Thanks for the feedback. I tried it and indeed this seems to work on a restore. However if the storage pool is different than the backup you cant use it. (because of naming) Whe can not rename a storage id. I did find a post how to do this in lxd. But for incus this does not work. Any advise on this?
LXD internally uses an SQLite database to store its configuration, so we can always fall back to tampering with its DB manually. This is a bit dangerous, but it seems we have to do it anyway…
$ lxd sql global "UPDATE storage_pools_config SET value='zroot/crypt/var/lib/lxc';"
Rows affected: 3
Note: Please add a WHERE clause to narrow down the records you wish to update if you have multiple storage configurations! I don’t need one because I only have the default storage configured.

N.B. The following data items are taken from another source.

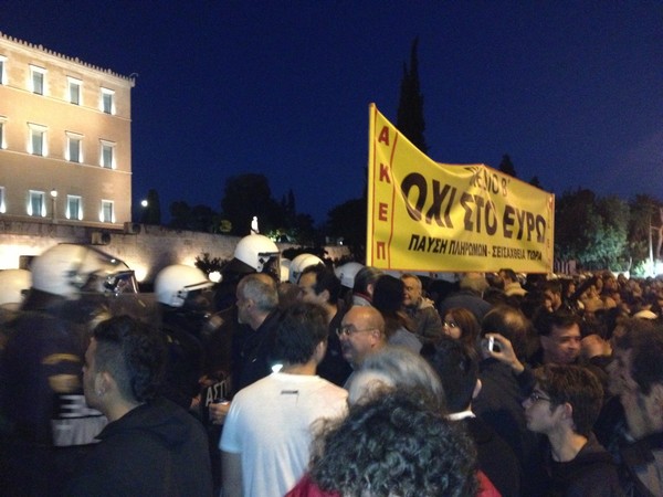 Σε εξέλιξη βρίσκεται στην Πλατεία Συντάγματος η συγκέντρωση των Αγανακτισμένων. Από τις 6:30 έχει κλείσει η λεωφόρος Αμαλίας. Η προσέλευση δεν είναι μεγάλη, καθώς στην πλατεία έχουν συγκεντρωθεί περίπου 500 άτομα. Πριν από λίγη ώρα έκαναν την εμφάνισή τους διμοιρίες των ΜΑΤ που έχουν παραταχθεί ανάμεσα στον κόσμο και στα κάγκελα που βρίσκονται μπροστά από τη Βουλή. Η παρουσία τους έχει προκαλέσει δυσαρέσκεια στους συγκεντρωμένους, ενώ έχουν ακουστεί και αρκετά υβριστικά συνθήματα, κατά της Αστυνομίας.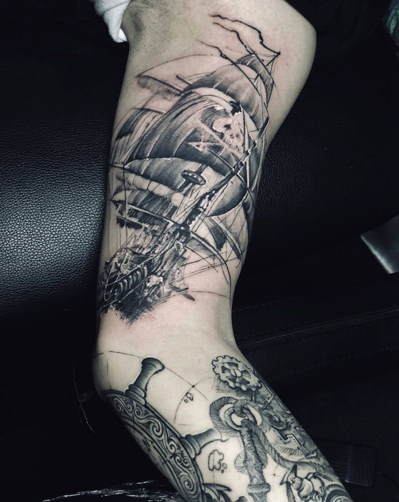 当前位置: 首页 >广东省广州市纹身店-東刺青纹身工作室纹身图案>航海花臂~一点点加纹身图片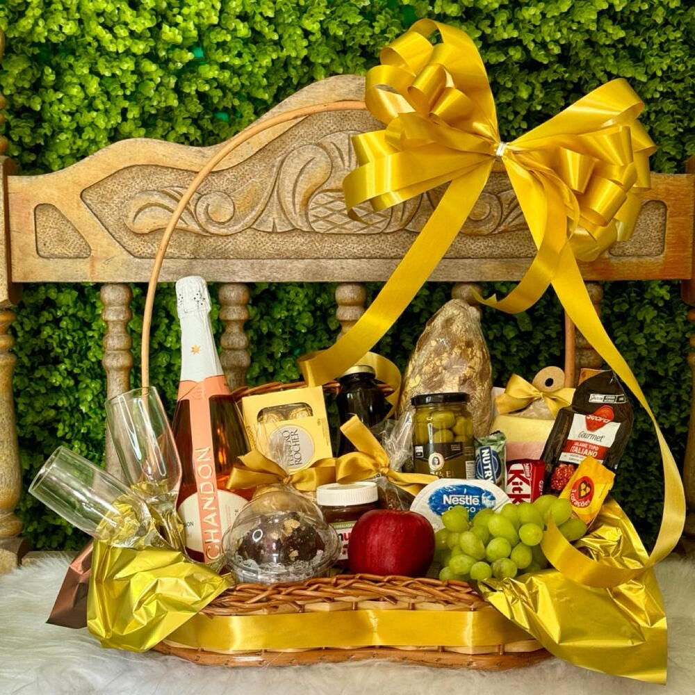 Presenteie alguém especial com nossa luxuosa Cesta de Café da Manhã. Repleta de delícias para tornar qualquer manhã inesquecível, esta cesta combina uma seleção de iguarias refinadas. Inclui uma unidade de Nutella para mergulhar no cobiçado pão australiano, uma barra de Kitkat, uma garrafa de Chandon 750ml acompanhada por duas taças especiais para champagne, uma caixa de Ferrero Rocher, um iogurte Nestlé, uma porção de cappuccino 3 Corações, deliciosos salgados assados, uma maçã importada, uma barrinha Nutry e uma tortelete. A cesta vem em um belo cesto de vime com embalagem decorativa e laço artesanal. E para completar, uvas selecionadas sem sementes, um delicioso suco de uva integral Garibaldi, azeitonas Mamma Bia, fatias de salame tipo italiano e fatias de queijo e presunto servidos em uma tábua de MDF. Um presente verdadeiramente gourmet para começar o dia com satisfação.

In a minute, the storage should become available again:
$ lxc storage list
+---------+--------+-------------------------+-------------+---------+---------+
| NAME | DRIVER | SOURCE | DESCRIPTION | USED BY | STATE |
+---------+--------+-------------------------+-------------+---------+---------+
| default | zfs | zroot/crypt/var/lib/lxc | | 6 | CREATED |
+---------+--------+-------------------------+-------------+---------+---------+
Yeah, all the /var/lib/incus/security/ stuff is generated by Incus when the instance starts based on the instance configuration (its devices, config keys, …).